15 第十五話

 あれから少し経った頃だろうか。

 突然俺の元に名指しで依頼が舞い込んできたのだった。


 その内容はとあるダンジョンの奥底に現れた存在を倒して欲しいというもの。

 しかし妙だった。

 この依頼の対象となっているダンジョンは危険度がそこまで高い物では無いのだ。


 危険度が高ければそれ相応に高ランクの冒険者に依頼が飛んでくるのはおかしくは無いだろう。

 だがそうでは無いのだとしたら、何故俺に直接依頼をする必要があるのか。


 それは、依頼者となる冒険者パーティに直接話を聞くことで解明した。


 と言うのも、その倒して欲しいと言うのがあまりにも強すぎる存在だったのだ。

 それもただ強いと言うだけでは無い。

 明らかに異常な能力を持っているのだとその冒険者たちは語った。またその者が人間であると言うことも。

 

 ……心当たりが無いわけでは無い。

 常識をも塗り替える常軌を逸した力。それは俺の持つ物と一緒だ。


 もしかしたらと言う一筋の希望を胸に、俺はその依頼を受けることにした。

 




「なるほどな。それでその少ない可能性に賭けたと言う訳か」

「ああ。もちろん本当にそんなことが起こるとは思えないけどな」


 頭の中で繋がっているのか、ディアスは俺の考えをだいたい読み取っていた。

 そこまで知られてしまえばもう隠しておくことも出来ないだろうと俺は全てを話したのだが、彼は疑いもせず信じたようだ。

 荒唐無稽な話ではあると思うのだがな……。


 とまあそんなこともあり俺たちはダンジョンを進み続ける。

 ダンジョンの中にいる魔物たちも以前ディアスと出会ったダンジョンにいた奴らに比べれば大したことは無い。

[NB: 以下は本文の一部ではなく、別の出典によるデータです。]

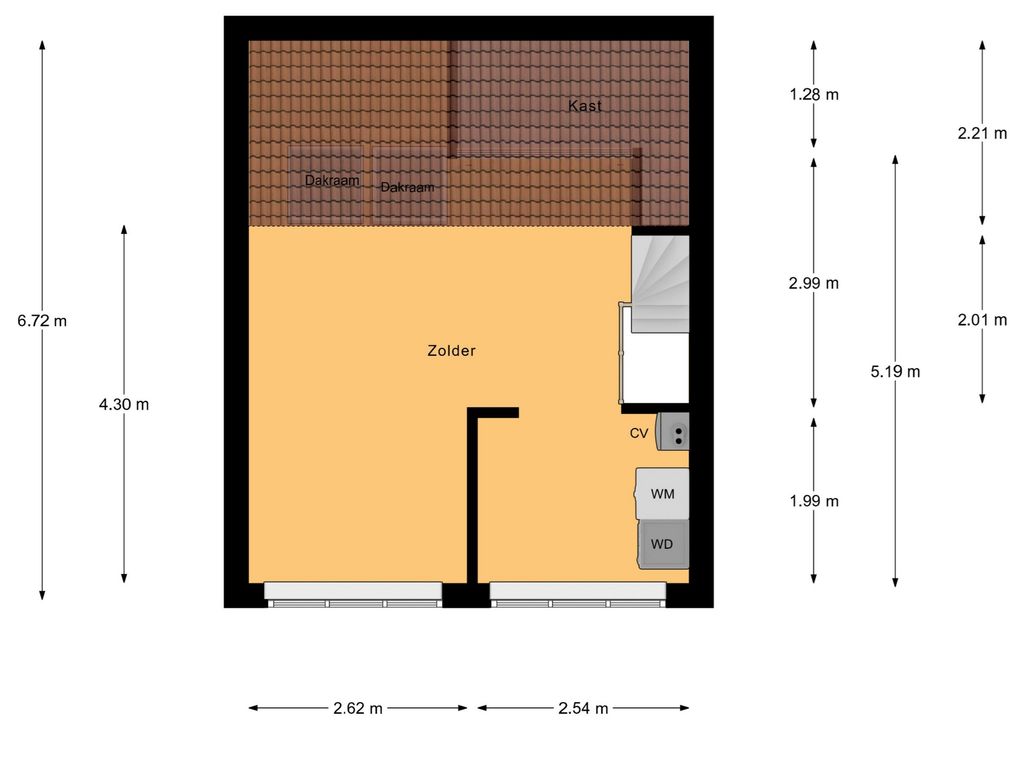 De tweede verdieping is mede door de dakopbouw een mooie toevoeging aan de woning. Op dit moment wordt deze ruimte als thuiswerkplek gebruikt maar met een kleine ingreep kan je hier een extra slaapkamer realiseren. Ook is hier een wasruimte aanwezig met de wasmachine- wasdrogeropstelling en de cv-ketel (bj 2024) hangt hier. Ook is er een airco unit aanwezig voor verwarming en koeling. Het Velux dakkapel maakt deze ruimte helemaal af.
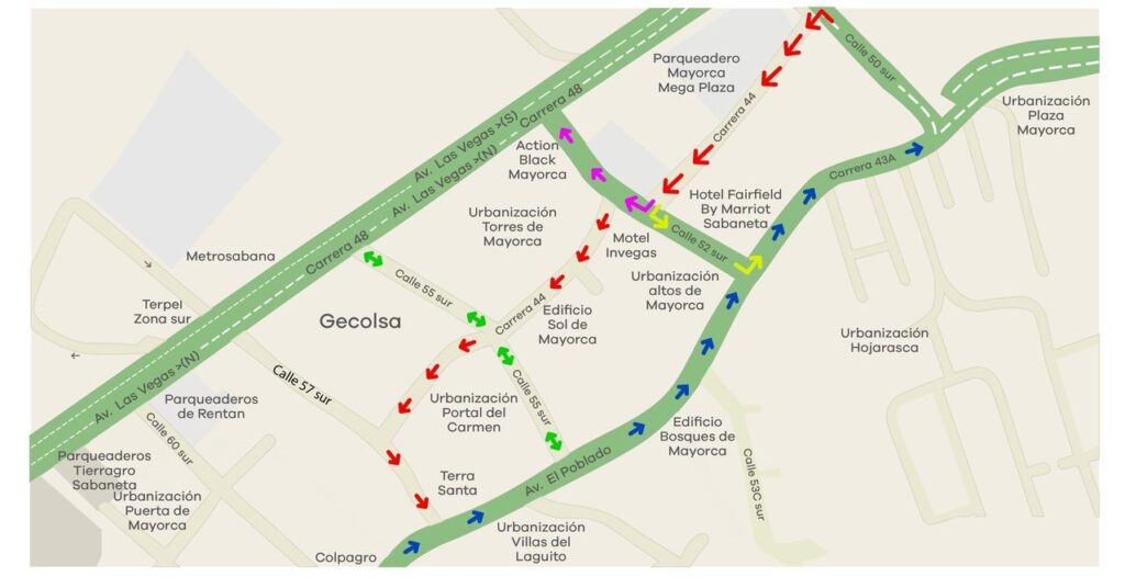 - La carrera 44 quedará en sentido norte – sur, entre las calles 52 sur y 57 sur. Esta vía se convierte en acceso principal a Sabaneta desde la calle 52 sur, reemplazando el acceso habitual por la carrera 43A.

 しかし、だからこそ依頼にあったような怪物が本当に存在するのかが怪しくなってくる。


「……ここか」


 最奥へとたどり着くと、そこにはこれまたディアスがいた所と同じような重厚な扉があった。


「……よし」 


 一呼吸置き、扉を開けた。中には一人の青年が立っている。

 

「……ッ!」


 その姿を見た瞬間、記憶が蘇って行く感覚が頭の中を占める。

 最後に見た彼の姿と、目の前の姿が一致している。


「レイン……なのか?」


 声をかけるも青年は反応を示さない。


「来るぞ」

「くっ……!」


 俺たちのリーダーと同じ姿をした青年は、剣を抜き俺に飛び掛かって来た。

 ここに来てから出会った誰よりも機敏で力強い動きだ。

 間違いなく、彼もステータスの上昇を受けている……!


「ヘルフレイム!」


 そうなってくれば、今までのままの俺だったら勝ち目は無かっただろう。

 しかし俺はここに来てからさらに成長した。

 上級魔法が使える今の俺だったら、レインにも勝てる……。


 だがそれでは駄目だ。駄目なんだ……!


「レイン……あんたが本当にレインなら目を覚ましてくれ!」

「おい貴様死ぬ気か!? 何をしているんだ!?」


 ヘルフレイムの炎が消えると同時にレインへと肉薄する。


「洗脳されているのか!? それとも操られて……うぐっ」


 肩を掴み言葉を投げかける。だがその間もレインは攻撃を止めない。


「き、貴様っそれ以上は……!」

「頼む、もう少し待ってくれ」


 レインを引き剝がそうとするディアスを止める。

 今ここで彼と離れたら、もう二度と会えなくなるような気がした。


 かと言って、俺にもどうすれば良いのかはわからない。

 このまま掴んでいても俺が死ぬだけだろう。


「レイン、どうしてなんだ……」

『アルバートよ、回復魔法を最大出力で使いなさい』


 その時、突如頭の中に謎の声が響いた。